The consensus was that Jupiter had been hit by a comet or asteroid. But the surprise was that it had happened so soon after the Shoemaker-Levy comet strike observed in 1994. The worry was that this strike must have important implications for the likelihood of future impacts.

Today, Agustin Sánchez-Lavega from the University of the Basque Country in Bilbao and pals, publish their analysis of the impact and how it changes the probabilities of future impacts. They say the impactor was probably an icy object about 1 kilometre in diameter which came either from a group of main belt asteroids called Hilda asteroids or from a group of comets called the Jupiter Family.

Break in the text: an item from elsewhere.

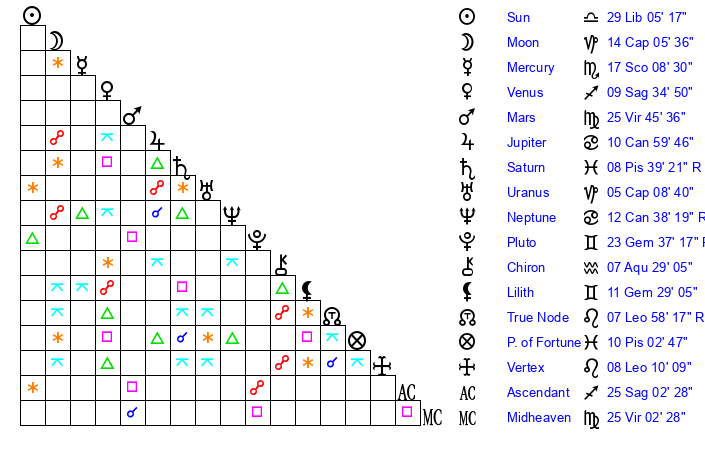 | Moon | 13 Capricorn 58 | 20 Scorpio 58 | 21 Taurus 7 |

Estimating the likelihood of such impacts is hard for a gas giant like Jupiter because the events leave no long-lasting scars on the surface. Jupiter’s bruise has already faded away.

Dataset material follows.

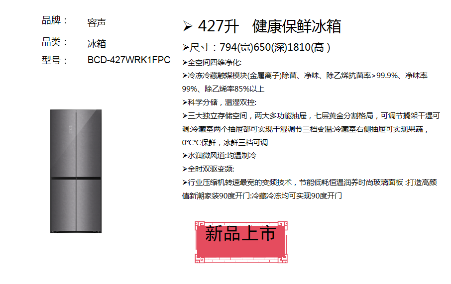 容声 冰箱 BCD-427WRK1FPC 427升 变频 风冷 一级能效 十字四门 玻璃面板 槿绣瑜

So astronomers have to rely on historical records. Before last year’s impact, astronomers knew only of the Shoemaker-Levy impact and a possible impact observed by the Italian astronomer Giovanni Cassini in 1640. Together with other evidence such as crater counts on Jupiter’s large moons and various theoretical calculations, astronomers guessed that Jupiter was liable to a strike perhaps as rarely as once in every 350 years.

Sánchez-Lavega and co say that last year’s strike significantly changes these numbers. Seeing two strikes in 15 years means that that Jupiter may be liable to be hit as often as once a decade. The reason we haven’t seen impacts before is simple: digital cameras and image processing techniques have only become easily available to amateurs in the last ten years. (Before that, even professionals often had to rely on hand drawn pictures of the planets.)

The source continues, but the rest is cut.